Entries taken from a collection
*** Block opens ***

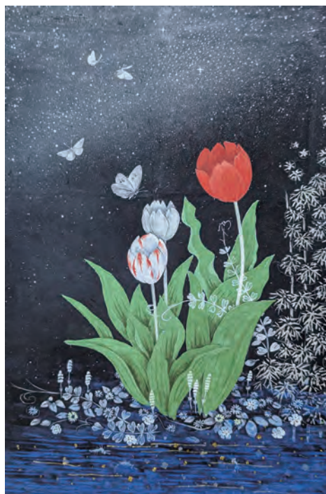
「星空のチューリップ」(400mm×270mm)
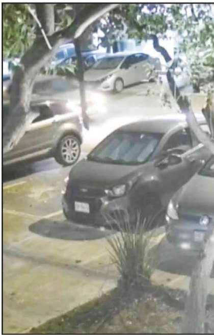
Ya investigan los videos.

Los hechos ocasionaron la movilización de los puestos de socorro, pero afortunadamente no se reportaron personas lesionadas.
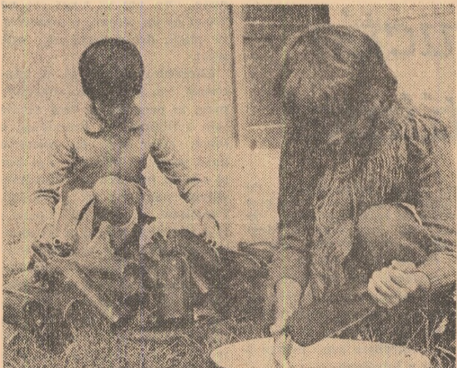
...în loc de munca în cîmp se preferă o activitate care mai suferă aminare
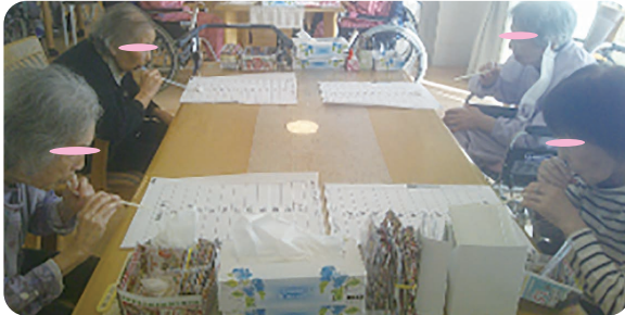
ストローで息を吹いて重りを遠くまで飛ばす。

*** Block closes ***

About this task
Output the records verbatim without pictures.

Solution to the problem
「星空のチューリップ」(400mm×270mm)
Ya investigan los videos.

Los hechos ocasionaron la movilización de los puestos de socorro, pero afortunadamente no se reportaron personas lesionadas.
...în loc de munca în cîmp se preferă o activitate care mai suferă aminare
ストローで息を吹いて重りを遠くまで飛ばす。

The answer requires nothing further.